Now, one thing I love in fiction is progressive powers and the conflict escalating from the different paths people take in said progression. In that vein, I have a pair of protags in mind as well.
The main two/co-protagonists:
The Lawkeeper- a cop before the change and now a member of a task force made up largely of those affected by the surge. A gamer, a man of color, and a believer of the spirit of the law. He doesn't always get along with his fellow officers but he believes in what the blue does. He believes that an organized response is what is best.
His abilities are based on those of Jesse Fades of Control. Meaning he has tremendous psychic potential but he needs 3 things to reach his full potential.
1.Items to bond to so he can generate these psychic abilities. Jesse's used altered items of her universe to get thematic abilities from them (ex: a safe to generate a shield, a carousel horse for a dash ability, ect). Here he can use items generated by the surge.
2. A patron/partner entity to help guide, give insights, and empower. It also let's the user enforce reality, basically becoming an anti reality warper.
3. A bonded morph weapon or a weapon to come to his hand when called.
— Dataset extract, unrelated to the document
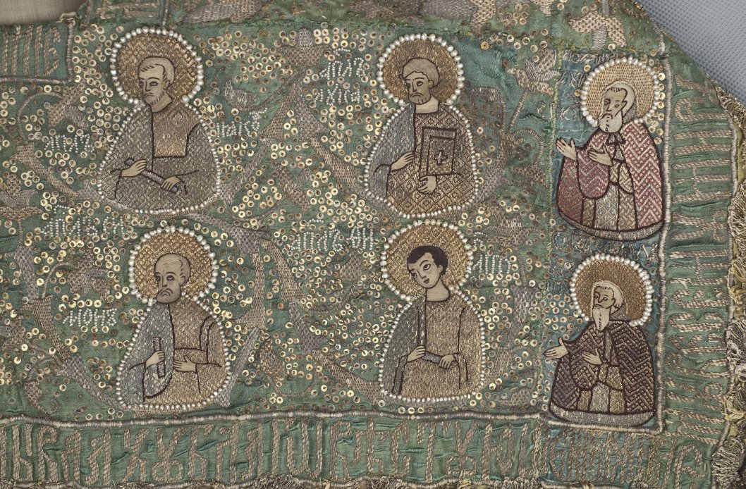 С 27 января во Владычной (Грановитой) палате в Новгородском Кремле начала работу выставка «Шедевры древнерусского шитья. Богослужебные облачения с образами новгородских владык». На выставке демонстрируются два уникальных памятника древнерусского лицевого шитья середины XVII столетия.

The knight- a recent college graduate who instantly decided to go the route of the caped hero. She, after figuring out how to get her powers to work, instantly went the route of a caped crusader. Going out to the streets, saving lives, stopping instances of surge item abuse, and (in the humble opinion of the local Police Department) getting in the way of operations. In her opinion they were taking too long to get things done.
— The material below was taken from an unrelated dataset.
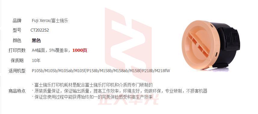 富士施乐(FujiXerox) CT202252 小容量 打印机黑色粉盒 适用于M105系列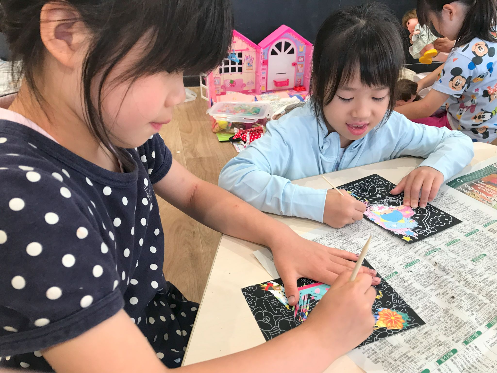【スクラッチアート】ではなにいろがでるかな?と期待を膨らませながら真剣な表情でけずり・・・

Her abilities are based on those of Prince Noctis of Final Fantasy XV. This means she has tremendous physical and magical potential but like the above she has a number of check marks needed to gain access to the character's full power.
1. A gem/crystal to draw power from.
2. 13 magical weapons to boost strength. The generated game weapons will do and I have most picked out in a way that likely would help the plot progress.
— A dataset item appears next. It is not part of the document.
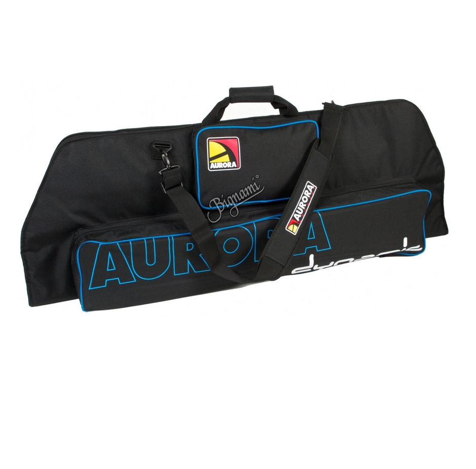 La borsa comprende un sistema di irrigidimento del fondo, spallaccio per il trasporto a spalla o a schiena e suddivisione interna per il trasporto di due archi o per suddividere l’arco dal resto del materiale.

3. The blessing of 5-6 gods.
4. A power ring of some king to channel all this power.
I keep debating the two above as I do like the idea of both of them climbing in power and clashing over conflicting ideals of what to do with their power. At the same time, I think that just smooshing aspects of both into one (which is actually where they started, a single character) and play off the different ideologies of how best to help people from within her friend group and precinct along with internal conflict. Maybe have the one be a fellow officer they butt heads with because of the... precarious nature
Another OC I was thinking on, keeping with the theme of what to do when you have power, is a thief who played Persona 5. Like both of the above they would be crippled in their ability to use their abilities without a way to fake the connection to. In this case, without the Mementos App, they would need an item that could affect or enter the hearts of others. Luckily, more unlucky really, there are plenty of items floating around that can do just that. Namely Keyblades.
Most other Players are an odd mix but most are variations of the Shooter build. Peak physical humans who heal quickly and often have bullet time. But there are enough other variations to cause trouble. Demigods of unreal strength, men and women who can easily tap into a patron for powers from the outside, 2 variations of spider powers, cat eyed men and women who can cast magic with simple gestures, and so much more. But the real issue was the first two, the demigods without a parent to protect them and those easily connected to a divine source.
The disembodied New Gods of Apocalypse were very happy with those groups. For how bad this can be please look at what happened to Mary Marvel in canon Final Crisis.
Thoughts and opinions would be appreciated.